Doing away with the Economic Arrangements Law

If Knesset is unable or unwilling to pass appropriate legislation, it should at least try to reach agreement with the gov't on its permanent reduction.

Knesset (photo credit: Courtesy)
Knesset
(photo credit: Courtesy)
Last Wednesday, the Knesset approved the Budget Law and the Economic Arrangements Law for 2011-2012. With regard to the latter, Knesset Speaker Reuven Rivlin can boast a tactical victory.
After a five-month battle with the Treasury, the Arrangements Law finally approved was much shorter than the original. A tactical victory – not a strategic one. A strategic victory would involve the total abolition of the law, or an undertaking by the Treasury to limit it to the absolute minimum required.
The first Arrangements Law was introduced by the government in 1985 to implement harsh economic measures needed to cope with hyperinflation. In the years that followed, the law evolved into a device for introducing amendments into existing laws required to implement the budget, and getting them approved by the Knesset in a rush simultaneously with the Budget Law.
However, it didn’t take long before the Treasury started including pieces of legislation that had little or nothing to do with the budget, involving major structural reforms and the cancellation or deferment of private members’ legislation that had been passed despite the government’s disapproval. The law rapidly turned into a classic omnibus law – a law of enormous dimensions that includes provisions in spheres that have nothing to do with each other, and which the legislature is expected to approve without proper deliberation and consideration.
Omnibus laws are not uncommon in the US federal government, but are prohibited in 43 of the 50 states by means of a “single subject rule.”

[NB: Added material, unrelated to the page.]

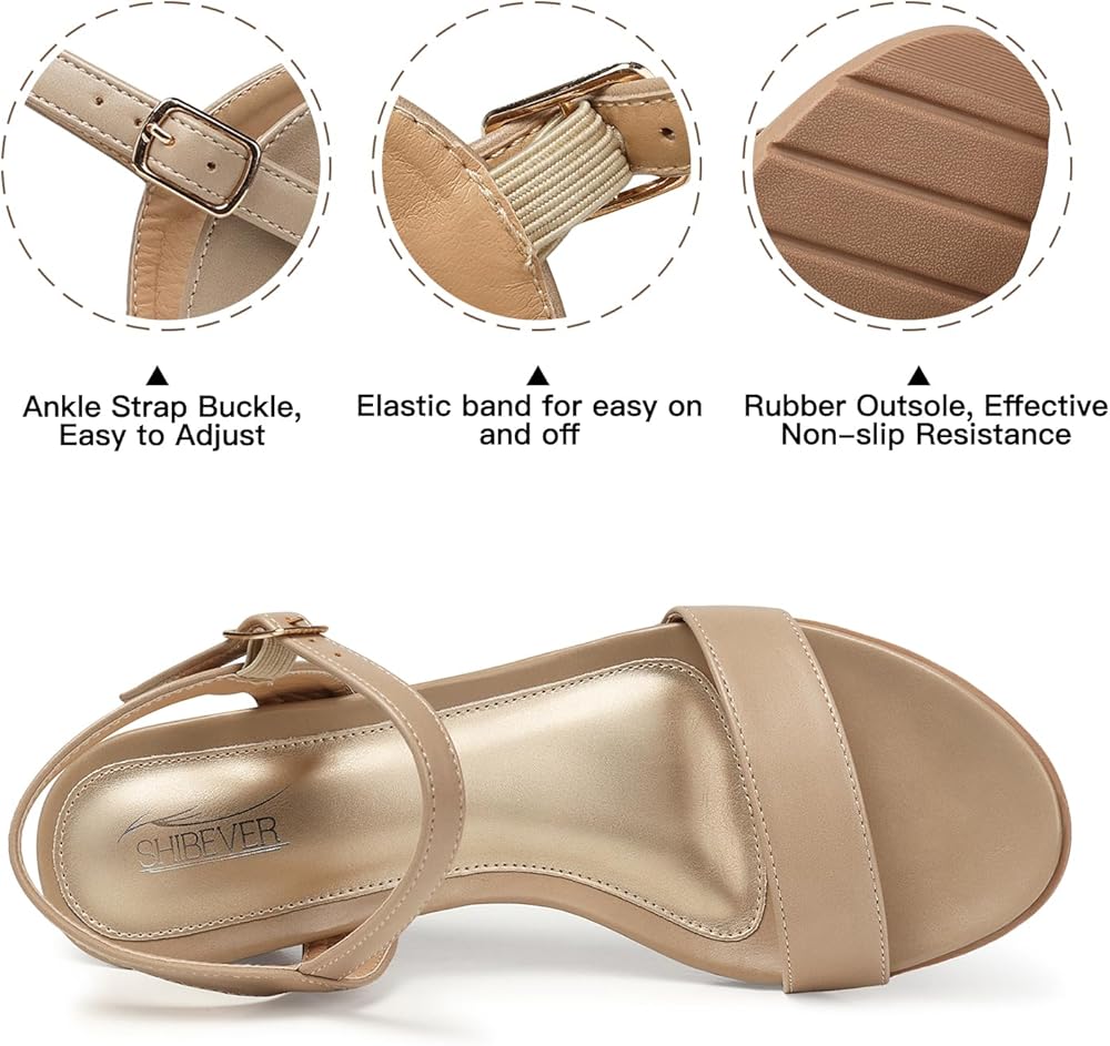 صنادل نسائية من SHIBEVER بكعب عريض مريح: صندل بحزام للكاحل بإبزيم - صنادل عارية للنساء - مقاس صيفي أنيق 10

However, since the US has a presidential system, the background to the omnibus legislation is different to that of the law here.

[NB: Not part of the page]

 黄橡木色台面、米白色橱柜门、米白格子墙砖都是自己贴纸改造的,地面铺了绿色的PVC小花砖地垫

There are, however, several countries with parliamentary systems that have laws almost identical to the Arrangement Law. These include Belgium, Italy, Austria (from time to time) and Canada (its Budget Implementation Act for 2010 was more than 900 pages long). Spain had such a law until 2004, when it was abolished by the newly elected socialist prime minister who had promised that if elected he would do away with it.
It should be noted that all the countries that have laws similar to the Economic Arrangements Law introduced them in times of financial crisis, and in all cases the finance ministries discovered that they were a very convenient tool, even if highly problematic from a democratic point of view.
BEYOND THE efforts of the Knesset speaker to delete from the arrangements bill as many provisions as possible, what can the Knesset do on a more permanent basis? It has two options. It must either make the Arrangements Law illegal, or it must reach a package deal with the government.
On the various occasions on which the High Court of Justice was called upon to rule on issues connected with the Arrangements Law, it stated that while the law is highly problematic, it is not illegal. The conclusion is that to make the law illegal, the Knesset must either introduce the single-subject rule into its legislation (such a provision actually existed at the time of the British Mandate), or pass a law – preferable as part of a Basic Law on legislation – which prohibits hasty legislative procedures, except in times of emergency.
If the Knesset is unable or unwilling to pass the appropriate legislation, it should at least try to reach an agreement with the government on the permanent reduction of the Arrangement Law’s dimensions.
The outline for such an agreement was prepared during the 17th Knesset by cabinet secretary Oved Yehezkel and Knesset secretary (and its current legal adviser) Eyal Yinon. Their proposal was the outcome of a round table held on the subject of improving Knesset-government relations.
What they proposed was that in return for the Knesset dealing more efficiently with government bills, and reducing the number of private members’ bills brought to the Ministerial Committee on Legislation, the government would limit the provisions in the arrangements bill to the absolute minimum required to implement the budget. It was also proposed that the mechanism for consultation between MKs and the government with regard to private members’ bills be improved.
Unfortunately, the dialogue between the government and the Knesset on the improvement of their mutual relations was not renewed during the 18th Knesset. The tension between Rivlin and Prime Minister Binyamin Netanyahu makes the resumption of the dialogue highly unlikely in the foreseeable future.

The writer is a former Knesset employee.